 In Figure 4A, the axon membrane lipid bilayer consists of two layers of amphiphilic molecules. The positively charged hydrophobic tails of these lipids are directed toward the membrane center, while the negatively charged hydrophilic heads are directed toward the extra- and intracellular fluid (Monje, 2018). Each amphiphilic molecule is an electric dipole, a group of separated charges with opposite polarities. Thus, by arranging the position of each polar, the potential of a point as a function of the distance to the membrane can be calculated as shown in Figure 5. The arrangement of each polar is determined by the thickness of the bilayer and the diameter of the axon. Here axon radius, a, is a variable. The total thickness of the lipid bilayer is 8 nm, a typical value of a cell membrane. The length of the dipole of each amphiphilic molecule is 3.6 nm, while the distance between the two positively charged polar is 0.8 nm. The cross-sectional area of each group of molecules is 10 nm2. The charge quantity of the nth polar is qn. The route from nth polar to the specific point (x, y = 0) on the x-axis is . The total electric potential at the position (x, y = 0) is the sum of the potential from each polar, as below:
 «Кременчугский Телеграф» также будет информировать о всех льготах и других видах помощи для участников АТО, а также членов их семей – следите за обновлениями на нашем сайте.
● ● ● ● ●
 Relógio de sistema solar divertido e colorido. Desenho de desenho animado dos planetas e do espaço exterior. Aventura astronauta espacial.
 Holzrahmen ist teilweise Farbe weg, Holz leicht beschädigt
● ● ● ● ●
Task description: Only the lines from the one containing "Relógio de sistema" through the one containing "Holzrahmen ist teilweise" are to be retyped, both boundary lines included, with no other material.

Answer to this problem:
 Relógio de sistema solar divertido e colorido. Desenho de desenho animado dos planetas e do espaço exterior. Aventura astronauta espacial.
 Holzrahmen ist teilweise Farbe weg, Holz leicht beschädigt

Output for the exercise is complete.